您的里程 会有所不同,具体取决于您的数据和计算机.这
Boost.Sort中的integer_sort
具有丰富的调整选项集,请参见
文档.
I would not jump to conclusions based on this single experiment and use
usort
blindly. I would test with my actual data and measure what happens.
Your mileage will vary depending on your data and on your machine. The
integer_sort
in Boost.Sort has a rich set of options for tuning, see the
documentation.
以下,我描述了两种从Python调用本机C或C ++函数的方法.尽管描述很长,但是这样做还是很容易的.
Below I describe two ways to call a native C or C++ function from Python. Despite the long description, it's fairly easy to do it.
提升排序
将这些行放入spreadsort.cpp文件中:
Put these lines into the spreadsort.cpp file:
#include <cinttypes>
#include "boost/sort/spreadsort/spreadsort.hpp"

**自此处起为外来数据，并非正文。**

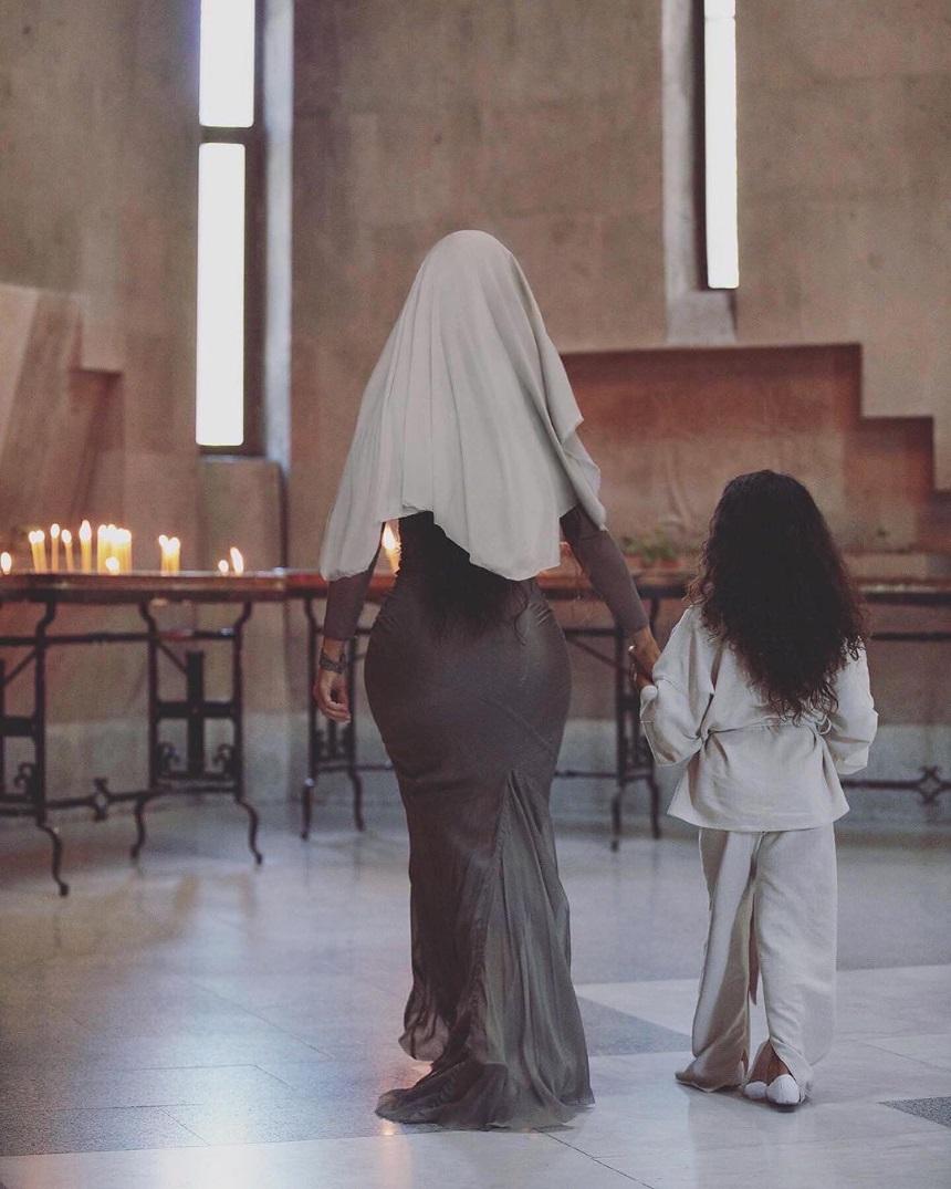 Η Kim Kardashian δημοσίευσε φωτογραφίες στον λογαριασμό της στο Instagram, όπου την βλέπουμε να φορά ένα στενό φόρεμα σε γοργονέ γραμμή και να ποζάρει με την κόρη της North μέσα στον Ναό. «Ευχαριστώ Αρμενία για αυτό το τόσο αξέχαστο ταξίδι. Νιώθω ευλογημένη που βαφτίστηκα μαζί με τα παιδιά μου στην “μητέρα του Ετσμιατζίν”, τον βασικό καθεδρικό ναό που συχνά αποκαλείται ως το Βατικανό της αρμένικης αποστολικής εκκλησίας. Αυτή η εκκλησία χτίστηκε το 303 μ. Χ.» σημείωσε η διάσημη τηλεπερσόνα.

using namespace boost::sort::spreadsort;
extern "C" {
void spreadsort(std::uint32_t* begin, std::size_t len) {
integer_sort(begin, begin + len);
}
}
它基本上实例化了32位模板化的integer_sort
无符号整数; extern "C"
部分通过禁用来确保C链接
名字改头换面.
假设您正在使用gcc,并且必要的包含boost文件
在/tmp/boost_1_60_0
目录下,您可以对其进行编译:
It basically instantiates the templated integer_sort
for 32 bit
unsigned integers; the extern "C"
part ensures C linkage by disabling
name mangling.
Assuming you are using gcc and that the necessary include files of boost
are under the /tmp/boost_1_60_0
directory, you can compile it:
g++ -O3 -std=c++11 -march=native -DNDEBUG -shared -fPIC -I/tmp/boost_1_60_0 spreadsort.cpp -o spreadsort.so
要生成的关键标志是-fPIC
位置无关代码
和-shared
生成一个
共享对象
.so文件. (有关详细信息,请阅读gcc文档.)
The key flags are -fPIC
to generate
position-independet code
and -shared
to generate a
shared object
.so file. (Read the docs of gcc for further details.)
然后,包装spreadsort()
C ++函数
在Python中使用 ctypes
:
Then, you wrap the spreadsort()
C++ function
in Python using ctypes
:
from ctypes import cdll, c_size_t, c_uint32
from numpy import uint32
from numpy.ctypeslib import ndpointer
__all__ = ['integer_sort']
# In spreadsort.cpp: void spreadsort(std::uint32_t* begin, std::size_t len)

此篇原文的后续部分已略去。